Home & Garden

A living work of art

 

Special to The Miami Herald

This is one in a series of occasional reports about South Florida gardens.

A towering live oak covered in Spanish moss first catches your eye. From there your vision roams across the open expanse of Jillian and Gene Cain’s front yard. This is their canvas that they fill with colors, shapes and textures of living things.

“If you are an artist, you have a canvas on which you can do just about anything you want,” says Gene. “But if you are a gardener, you have a piece of property.”

In 1970, when Jillian moved into this bungalow in the Shady Banks area of Fort Lauderdale, that live oak was the first plant she bought. The sapling cost just $10. Her hardest decision was where to put it.
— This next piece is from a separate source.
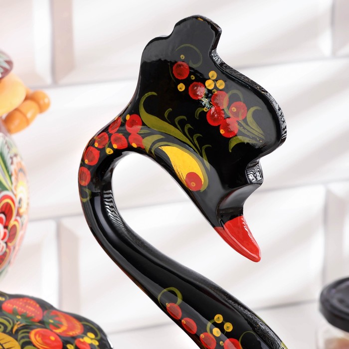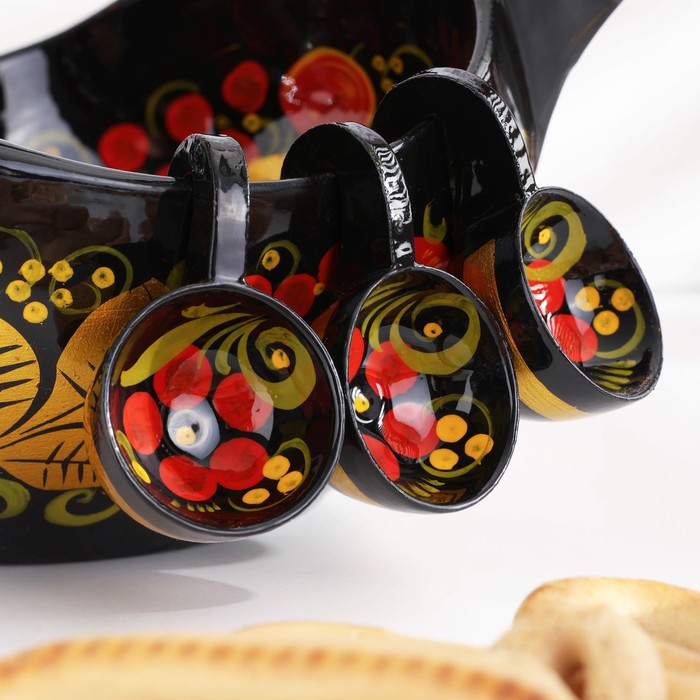 Традиционные элементы Хохломы — ягоды рябины и земляники, цветы и листья, птицы, рыбы и звери.

Using principles she had learned in art school, she made it the focal point of her front yard.

Gene joined Jillian in her garden and in life when the couple married in 2000. They still live in this neighborhood that Gene describes as “full of character and full of characters.”

Today, in a ring at the base of that tree are dozens of Aechmea rubens that Jillian propagated from one plant. These bromeliads are particularly showy when their red and yellow blooms explode, then linger for nine months.

“They grab your eye,” she says.

She also uses tall, medium and low shrubs and trees as well as ground cover to create a path that keeps your eye moving through the yard. After all, the principles of art tell us that the more your eye flows through space, the bigger the space seems.

So let your eyes naturally follow the curving brick-lined beds to a robellini palm that Jillian rescued from the trash. Today it provides the perfect cover for the purple blooms of multiple ground orchids. As your eye moves along to the Alcantarea imperialis, the focal point changes to this huge bromeliad.

Then your vision glides past a condo mango, Louis Philippe rose bushes and the raspberry cones of a red button ginger. This is her living work of art.

When Jillian moved here, she found only one small oak tree in the backyard. Today it is over 100 years old. In the front was grass interrupted by only a single croton bush and a “for sale” sign.

It was a neighbor who encouraged her to join the Fort Lauderdale Garden Club and offered ideas, information and even plants to get her started. Today, both Gene and Jillian belong to the garden club where they regularly win blue ribbons in the club’s flower shows. Gene is also a master gardener and master naturalist.

But when Jillian began gardening, she was clueless. “I didn’t know an annual from a perennial,” she says.

When her neighbor saw her with a corn plant in a pot, she told her, “This is Florida, stick it in the ground.” Jillian took her advice and she’s been growing things ever since.

When a patch of grass in her front yard turned “yellow and ugly,” she decided to go to work. She had read that she could design a garden by laying out a hose in a pleasing curved pattern and then digging up the turf.

“After that, I just kept taking that hose and curving it and digging up more yard,” she says.

When laying out her garden, Jillian was careful to showcase each variety of plant either individually in its space or in groups.

For example, Gene came home with a Jewels of Opar that has variegated leaves. If she’d put it among the other plants, its beauty would have been lost. Instead, she placed it against a dark wooden fence. “Now it really stands out,” she says.